In "Polke--Bernstein--Amber," his first New York exhibition in eight years, Sigmar Polke showed paintings dating from 1985 to 2006, together with an assortment of Renaissance and Baroque objects made of amber loaned by Kunstkammer Georg Laue in Munich. These are the sort of mysterious treasures collected centuries ago in Wunderkammern by discerning connoisseurs. The walls of the medium-size, low-lit exhibition space at Werner were painted deep purple, an imperial color lending a quality of preciosity to this ensemble of materials literally spanning the ages. Considering Polke's interest in history, art history, alchemy and magic, and the predominantly amber-colored palette of his most recent body of paintings, the visually intriguing juxtaposition made sense.
Called "Bernstein," or burning stone, in German, amber was believed by some in antiquity to be fragments of the rays of the setting sun that had hardened in the ocean. Others considered amber to be the tears shed by the Heliades as, turned into poplars, they mourned their dead brother, Phaethon. These and other myths inspired by this rare and costly substance, which is in fact nothing more than fossilized resinous tree sap, are the kind of stories that fascinate Polke. He is mesmerized by the ways in which base materials are transformed, especially by the artist, an alchemist/magician working with chemistry and nature. And time: some of his recent pictures--in which images and substances lie sandwiched within layers of resin, like wasps trapped in tree sap millions of years old--were produced over as many as five years. Polke's is a process-oriented art.

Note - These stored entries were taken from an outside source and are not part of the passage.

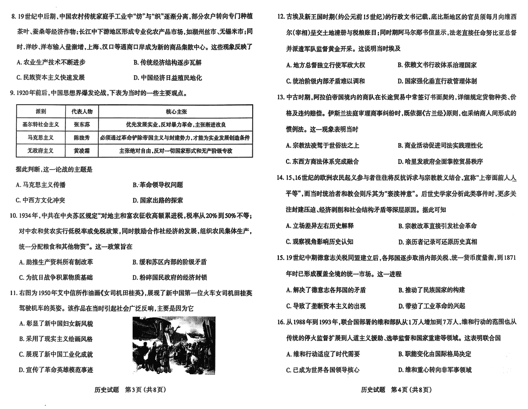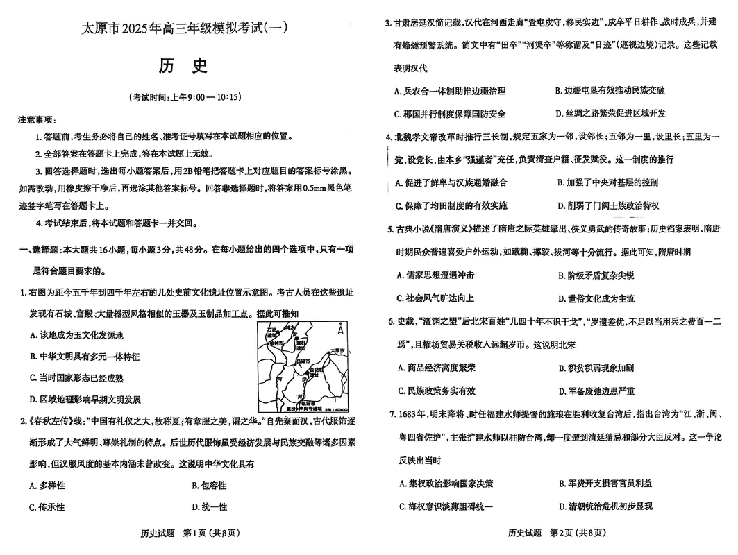 太原市2025年高三年级模拟考试(一)历史试题及答案 时间:2025-03-31 山西 文综试题 太原市2025年高三年级模拟考试(一)历史考试已于近日开考,为方便考生考后及时查看考试情况,查漏补缺、弥补不足,本文整理了试题答案解析相关信息! 汇总:太原市2025年高三年级模拟考试(一)试题及答案汇总 历史试题及答案解析
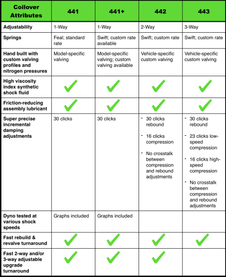 FEAL offers 441, 442 & 443 specification shocks and more. The difference lies in adjustability: 1,2,3 way, external reservoirs. Feal also offers upside-down option for BMW E Chassis, divorced setup, full coil, you name it.
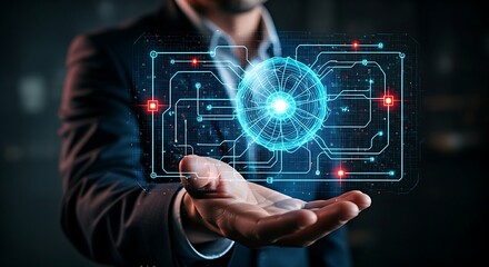 Man holding A I brain hologram in office setting black shirt
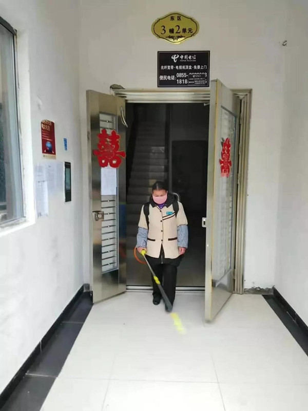 物業(yè)工作人員在對(duì)樓道進(jìn)行消毒
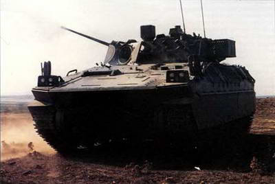 БМП «Дардо» может быть вооружена двумя однотрубными пусковыми установками противотанковых ракет TOW, устанавливаемых по бортам башни, что дает ей возможность поражать танки на удалении до 3430 м. В 1985 году компании «Отобреда» и IVECO получили контракт от сухопутных войск Италии на создание трех прототипов боевой машины пехоты, способной эффективно действовать в условиях современного боя. К 1988 году машины, получившие обозначение VCC-80, были готовы к испытаниям. Они были оснащены двухместной башней с 25-мм пушкой и спаренным с ней 7,62-мм пулеметом, а также системой управления огнем, аналогичной установленной на основном боевом танке «Ариете» и бронированной машине «Кентавр». Тогда же было принято решение взять шасси VCC-80 за основу при создании новой БМП, обладающей большей огневой мощностью за счет установки на ней в дополнение к пушке и пулемету противотанкового ракетного комплекса TOW. В конце 1988 года консорциум IVECO- Oto получил заказ на 200 БМП «Дардо», в число которых входила базовая модель с двухместной башней (25-мм пушка и спаренный с ней 7,62-мм пулемет) и четыре специализированные версии машины (самоходные противотанковый ракетный комплекс и 120-мм миномет, командно-штабная и санитарная машины). Противотанковая версия имеет две однотрубные пусковые установки управляемых ракет TOW, расположенные побор- тно, и возможность установки системы управления огнем HITFIST компании «Галилео авионика» в качестве альтернативы комбинированному дневному и ночному прицелам фирмы «Коллсман», поставляемым в сухопутные войска Италии. Вариант с итальянской системой получил название «Дардо» HITFIST Сварные корпус и башня «Дардо» выполнены из алюминиевой брони. Защита наиболее уязвимых мест корпуса и башни усилена стальными броневыми листами. В передней части корпуса слева расположено отделение управления, а справа - мо- торно-трансмиссионное отделение (дизельный двигатель IVECO мощностью 388 кВт/520 л. е.). Такой же двигатель установлен на бронированной машине «Кентавр». В средней части машины размещена башня ТС 25 компании «Отобреда» с электрическим приводом. Командир в ней размещается слева, а наводчик - справа, но при необходимости управлять башней сможет и один из них. Основным вооружением является 25-мм автоматическая пушка КВА швейцарской фирмы «Эрликон-Контравес», с которой спарен 7,62-мм пулемет MG 42/59. Углы наведения по вертикали стабилизированной в двух плоскостях пушки составляют от -10° до +60°. По бортам башни установлены две однотрубные пусковые установки противотанковых ракет TOW (углы наведения по вертикали от -7,5° до +30°) и два 80-мм четырехствольных дымовых гранатомета. В десантном отделении в кормовой части машины размещаются шесть пехотинцев. По два человека сидят вдоль бортов лицом вперед, еще двое - в середине отделения лицом к бортам. Доступ в отделение и спешивание осуществляются через кормовую аппарель со встроенной дверью. Для ведения огня из стрелкового оружия имеется пять амбразур со стеклоблоками. В крыше десантного отделения есть открывающийся назад люк, который используется также для заряжания пусковых установок TOW. Торсионная подвеска машины с каждой стороны состоит из двойных опорных катков, трех поддерживающих катков, ведущего колеса впереди и направляющего сзади. Верхняя часть подвески прикрыта фальшбортом. В состав стандартного
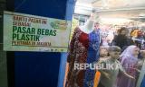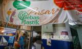 REPUBLIKA.CO.ID, JAKARTA -- Pedagang melintas di dekat papan informasi "Pasar Bebas Plastik" di Pasar Tebet Barat, Jakarta, Selasa (7/9/2021). Pasar Tebet menjadi penyumbang terbesar dalam kontribusinya menurunkan penggunaan kantong plastik di DKI Jakarta.

Produced with artificial resin on diaphanous polyester fiber, the double-sided paintings are made the more mysterious in that the recto and verso can differ widely, and that only one side of these pictures can be viewed at a time when they are hung on walls. (The opposite sides could be studied in a catalogue accompanying the show.) In one untitled work (2001-06), the front shows a figure in 17th- or 18th-century dress pulling a curtain aside to reveal the entrance to a small house. Drawn with white on top of a caramel-colored ground, the image is easy to read, while a large profile of a young woman appears more faintly behind it. Turn the painting around and you see the profile again, this time in black, with hints of the drawing on the opposite side mixed in. With a snake wrapped around the base of her neck, this profiled head is based on the portrait of Simonetta Vespucci by Piero di Cosimo (ca. 1462-1521), like Polke a highly idiosyncratic artist with a taste for the bizarre. An untitled work of 2005-06, this time entirely abstract, consists of clouds of white fluid seemingly trapped between layers of yellow resin turning a deep gold toward the center. A milky, primordial ooze--or sperm mixed with urine--is thereby evoked, in a picture recalling Antoni Tapies's experiments with varnish.
Polke's nonchalance, his hit-or-miss doodling, his "let's try this" and "how about that?," his mixing of subjects, substances, colors and textures that seem doomed to fail in combination but often do not, his ceaseless flirting with vulgarity and fine taste, his obscurantism, his leaps from minimal interventions to pictorial congestion--all of that, and then some, remain compelling.